He also has falsely asserted that the media no longer discusses the border wall. Here is a selection of recent reporting on the border wall:
- Voice of San Diego: “Kumeyaay Band Sues to Stop Border Wall Construction”
- National Geographic: “Sacred Arizona spring drying up as border wall construction continues”
- The Guardian: “Officials ignored warnings about Trump wall threat to endangered species”
- Washington Post: “There’s new wall on 194 miles of the border. Sixteen miles didn’t have a barrier before”
Cindy McCain will be featured in a video that’s set to air during tonight’s Democratic National Convention, according to the AP. She is one oof several Republicans who are participating in the DNC.
From the AP:
Cindy McCain is not expected to offer an explicit endorsement, but her involvement in the video is her biggest public show of support yet for Biden’s candidacy. McCain was the 2008 Republican presidential nominee against Democrat Barack Obama, who won the election with Biden as his vice presidential running mate.
Both Cindy McCain and her daughter Meghan have been outspoken critics of President Donald Trump, and the family is longtime friends with the Bidens. Trump targeted John McCain personally in 2015, saying the former prisoner of war wasn’t a hero “because he was captured. I like people who weren’t captured.” McCain later angered Trump with his dramatic thumbs-down vote against repealing President Barack Obama’s health care law.
When McCain died on a Saturday in 2018, the Trump administration lowered the American flag over the White House to half-staff but then raised it by Monday.

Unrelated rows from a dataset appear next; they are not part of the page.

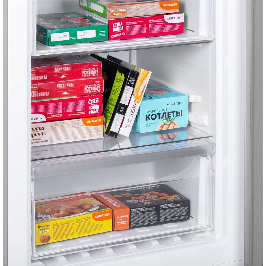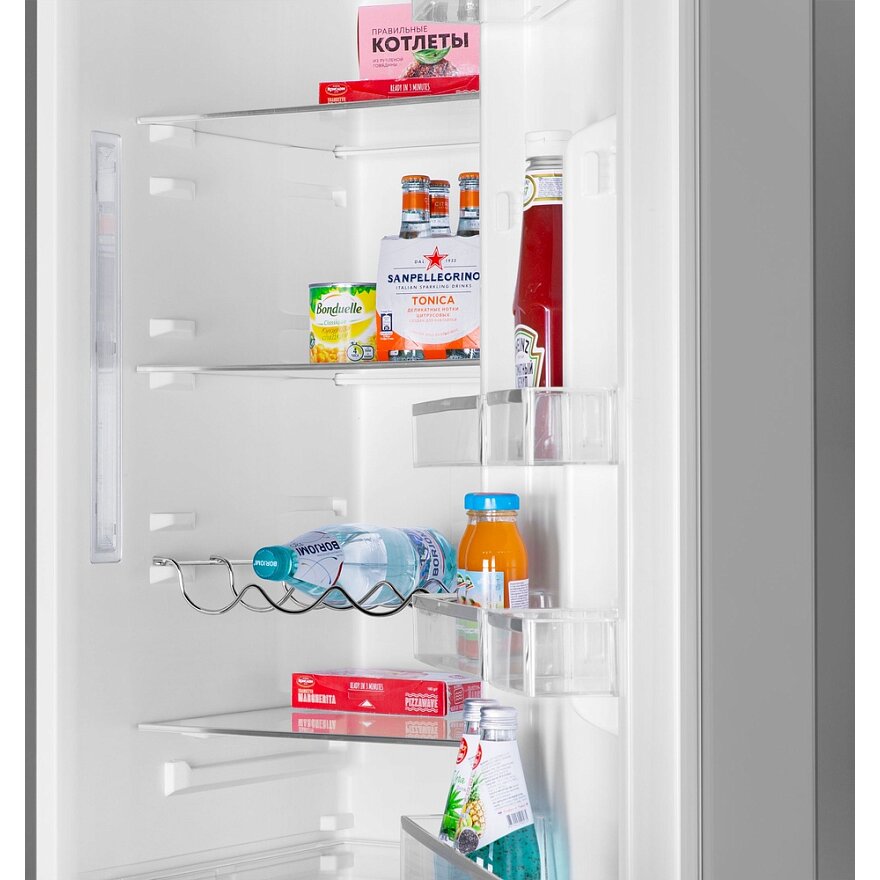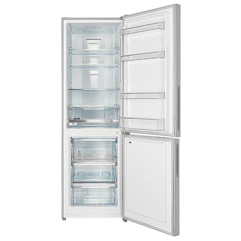 Холодильник Maunfeld MFF185NFS это двухкамерный прибор, выполненный в белом цвете. Классический дизайн подойдет к абсолютно любому кухонному интерьеру и дополнит его. Модель имеет стандартные габариты, поэтому будет удобна для встраивания. Высота устройства — 185,5 см, ширина — 59,5 см, глубина — 64,5 см. В его основу положен надежный и экономичный инверторный компрессор, соответствующий классу А+. Классификация по уровню энергопотребления дает объективное представление о том, насколько эффективно прибор расходует данный ресурс. Холодильник Maunfeld MFF185NFS оборудован дисплеем с цифровой индикацией температуры и настроек. Управление техникой осуществляется с помощью сенсорных переключателей. Помимо этого, светодиодная подсветка ярко освещает внутреннее пространство камеры и отличается долговечностью.
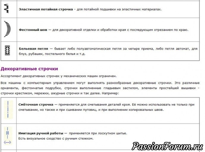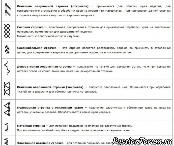 Без визуального восприятия трудно понять, что из себя представляют различные строчки. Давайте попытаемся расшифровать наиболее часто встречающиеся строки, которые есть практически на каждой швейной машинке.
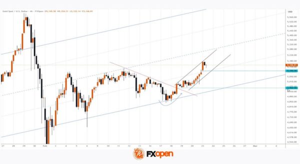 As shown on the XAU/USD chart today, gold climbed above $5,170, reaching its highest level so far this month. The main bullish factors are:
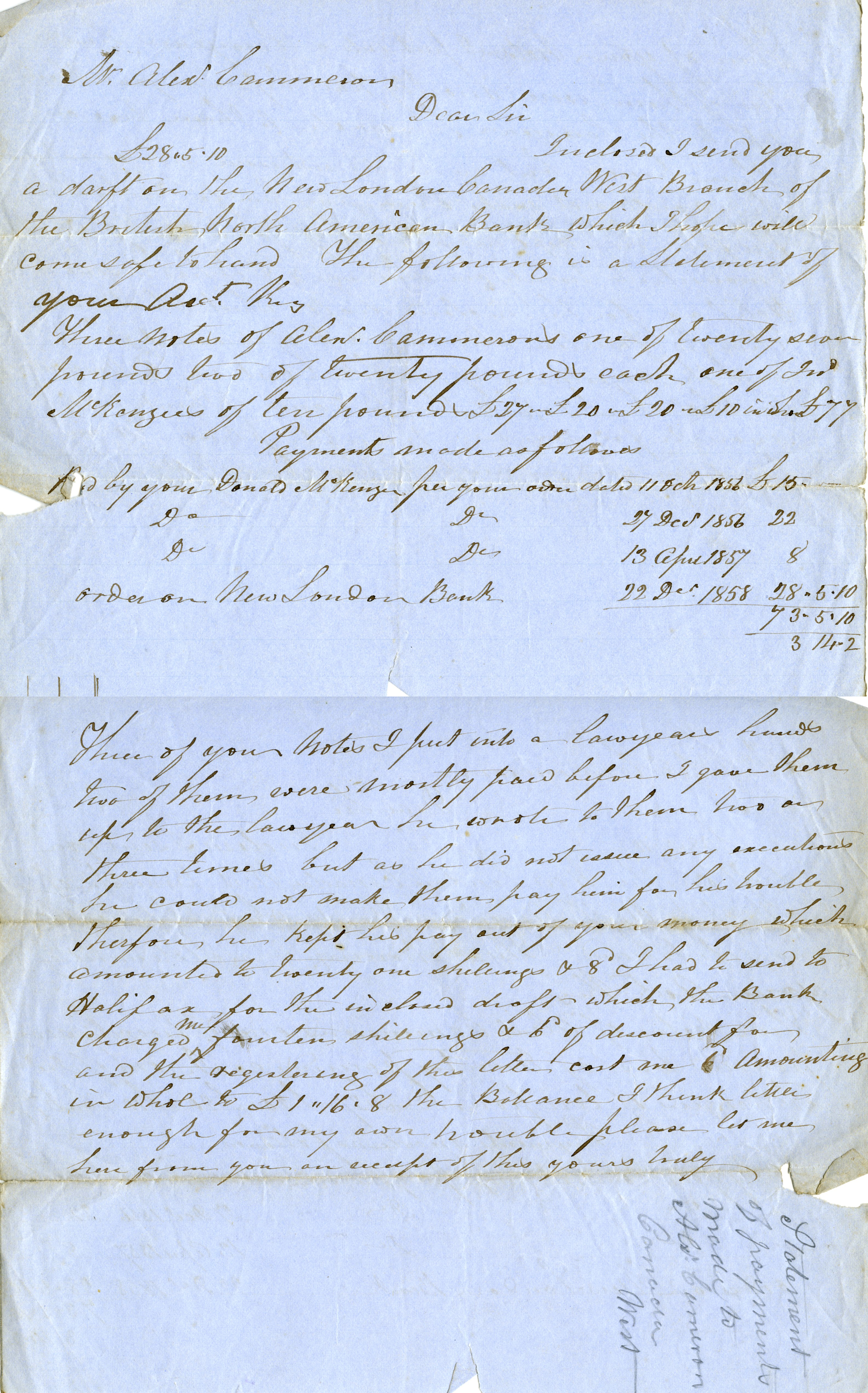£28..5..10 [Enclosed] I send you a [draft?] on the New London Canada West Branch of the British North American Bank which I hope will come safe to hand. The following is a statement of your receipt [key?]

After public outcry, the White House flags were again lowered. Trump wasn’t invite to McCain’s funeral.
Donald Trump is speaking at a campaign event in Arizona. According to the press pool, about five hundred people are in attendance, with no social distancing. Many of the supporters are reportedly wearing MAGA face masks.
Arizona governor Doug Ducey is among those who have appeared alongside Trump. As part of yesterday’s Democratic National Convention programming, Kristin Urquiza — who was mourning her father who died of Covid-19, delivered a stinging rebuke of Ducey and Trump.

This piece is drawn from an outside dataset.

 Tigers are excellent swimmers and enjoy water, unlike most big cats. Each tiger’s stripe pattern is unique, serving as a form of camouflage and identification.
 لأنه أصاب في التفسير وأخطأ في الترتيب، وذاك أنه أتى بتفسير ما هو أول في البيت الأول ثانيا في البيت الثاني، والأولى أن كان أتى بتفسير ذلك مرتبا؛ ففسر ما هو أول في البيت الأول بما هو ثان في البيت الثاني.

“My dad was a healthy 65-year-old,” Urquiza said. “His only pre-existing condition was trusting Donald Trump, and for that, he paid with his life.”
Earlier this year, Urquiza also wrote an obituary for her father in which blamed his death on the “carelessness of the politicians who continue to jeopardize the health of brown bodies through a clear lack of leadership, refusal to acknowledge the severity of this crisis, and inability and unwillingness to give clear and decisive direction on how to minimize risk”.
Updated
The University of Notre Dame has canceled in-person classes for two weeks after starting the semester on 10 August. Students will be allowed to stay on campus, but activities will be limited and large gatherings barred.
Yesterday, the University of North Carolina at Chapel Hill also decided to switch to remote learning after at least 130 students tested positive for coronavirus.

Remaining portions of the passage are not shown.